Chang, 55, a local farmer who established the cooperative in Sangang in 2013, is the pioneer who promoted the innovative no-tillage and stalk-covering methods in the county.
"I have planted maize for more than 35 years," he said. "In Sangang, there are a total of 15,000 hectares of cultivated land, most of which is saline-alkali and low-lying. The soil on the land is hardened, high in salinity and alkalinity, and poor in terms of permeability."
"Before 2013, in spite of an increasing reliance on chemical fertilizers, we could only see an output of 5,000 kilograms per hectare," according to Chang.
"However, thanks to the practice of returning straw stalks to the field, output has now doubled. The practice also helped to reduce chemical fertilizer usage from 1,000 kg per hectare to around 750 kg," he said. "I believe we can see a sustained decline as the quality of the black soil continues to improve."
Almost all of the 9,000 hectares of maize farmland at the 14 villages of Sangang will be planted using no-tillage and stalk-covering methods this year.

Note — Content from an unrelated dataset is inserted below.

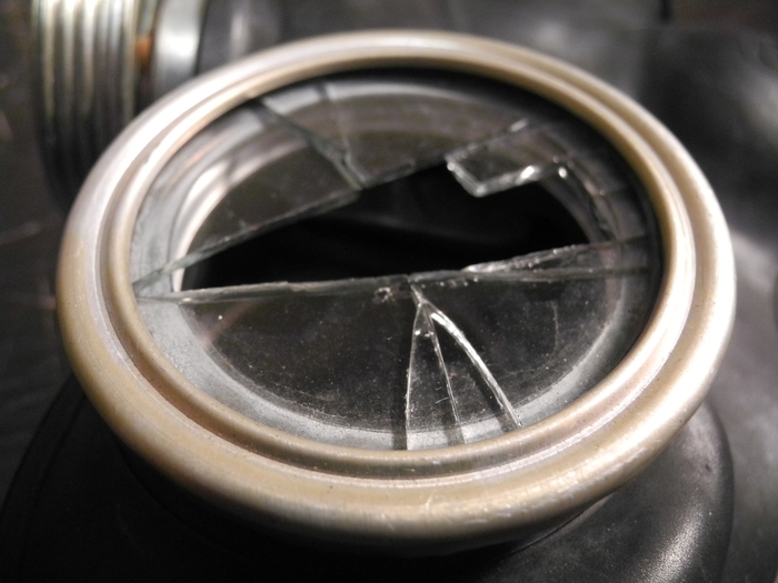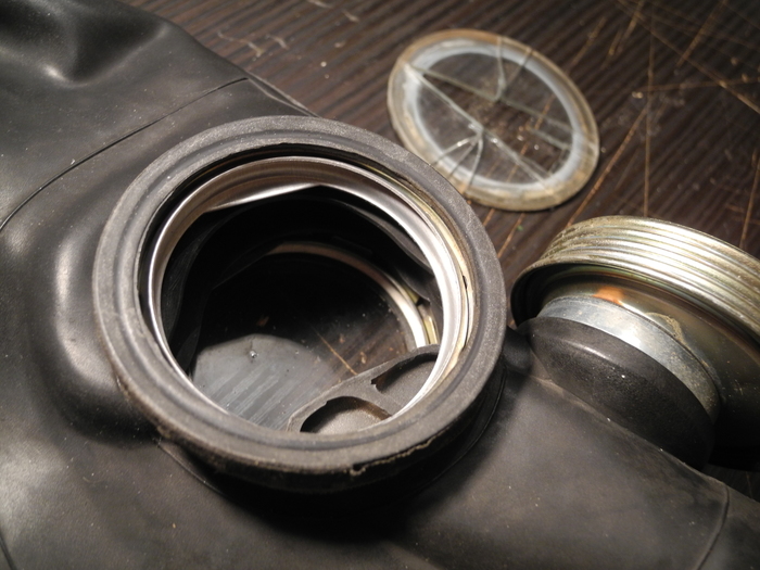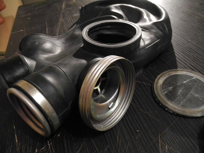 Всем доброго времени суток! Нашел я как-то раз на дорожке в промзоне достаточно редкую шлем-маску — ШМ70Р от противогаза ПРВ-М. Была она грязная, с разбитым стеклом, но главное — резина в отличном состоянии, разве что с мелкими трещинками. Шлем-маску я отмыл и принялся за восстановление. ПРВ-М — это противогаз, предназначающийся для ракетный войск, поэтому он имеет иную конструкцию клапанной коробки и переговорного устройства.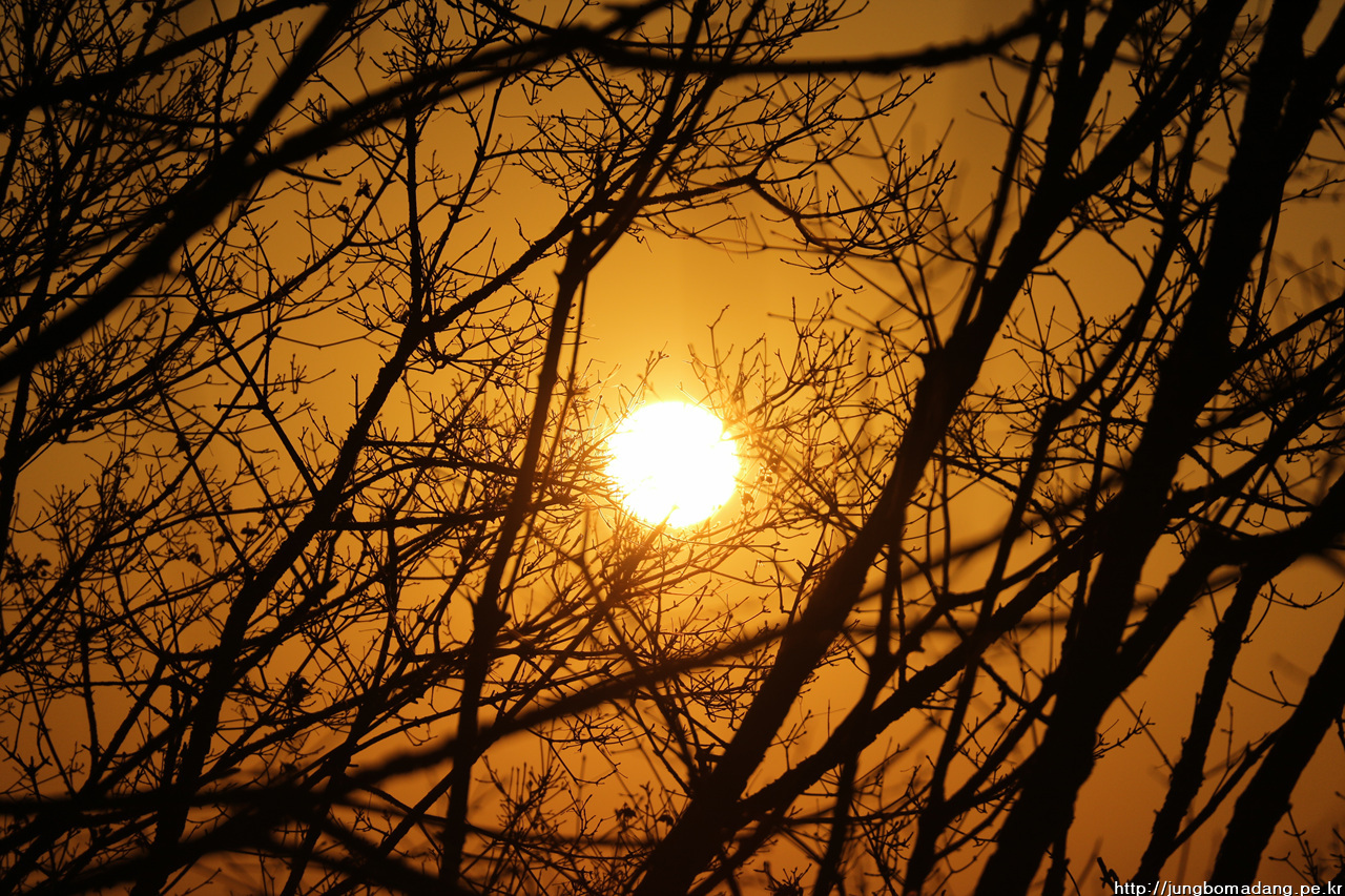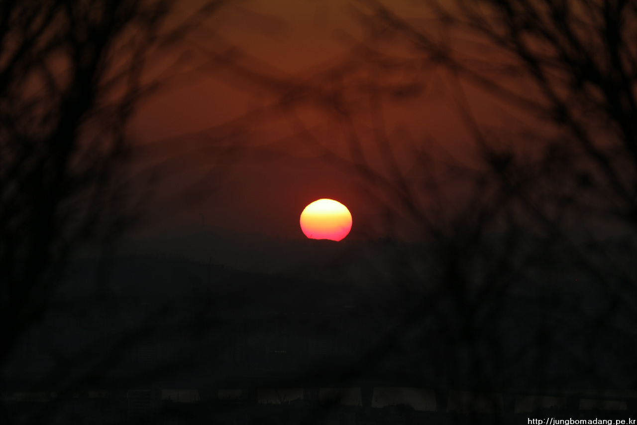 가리워진 나뭇가지 틈 사이로 바라본 일몰을 보면서 남산에서 봤다면 좀 더 깨끗 했을텐 데 하는 아쉬움이. 하지만, 안산 자락길을 와본 건 잘한 일

However, it took Chang several years to persuade the villagers to change their traditional tillage methods.
"Around 2012, technical staff from the county's and the town's agricultural departments began to introduce conservational tillage to farmers across the county," Chang said. "It got known that it was a major measure to protect black soil, and a major strategic measure to maintain the green and sustainable development of agriculture."
"These methods can reduce the loss of soil moisture and increase the content of organic matter in the soil," he said. "Therefore, I began to use no-tillage planters under the guidance of the technical staff when my cooperative was founded in the spring of 2013."
At the same time, Chang visited farmers in nearby villages to introduce his experience in order to help them benefit from it too.
"Farmers are reluctant to change, especially older ones who have been deeply influenced by traditional farming methods with a history of thousands of years," he said. "They insisted that the fields must be clean and tidy after harvesting while fields with maize straw left on them would make them look really lazy."
In 2018, a heavy spring drought hit Nongan, and had a serious impact on the success ratio of seedlings, except for those at Chang's cooperative.
"We had a high ratio of seedlings on the fields that used the method of conservational tillage while other farmers had to reseed their fields," he said. "Then I found more nearby farmers began to accept these new methods."
Since 2011, Changchun has arranged 10 million yuan ($1.54 million) of special funds to support conservational tillage in the city.
A total of 100 demonstration areas have been set up across the city.
The areas, each of which has an area of more than 100 hectares, can provide a platform for local farmers to visit, study and exchange experiences.
In December 2020, a national demonstration area for black soil protection and utilization was set up at Chang's cooperative, which made him firmly determined to protect the black soil.
This year, the cooperative will manage more than 700 hectares of maize farmland for 600 families.
"Farmers can pay 1,750 yuan per hectare for the service, which includes plowing, planting and harvesting," he said, adding that planting work was expected to be finished before May 20.
"With great support from the government and trust from the farmers, I believe we will see a good harvest in the autumn," he said.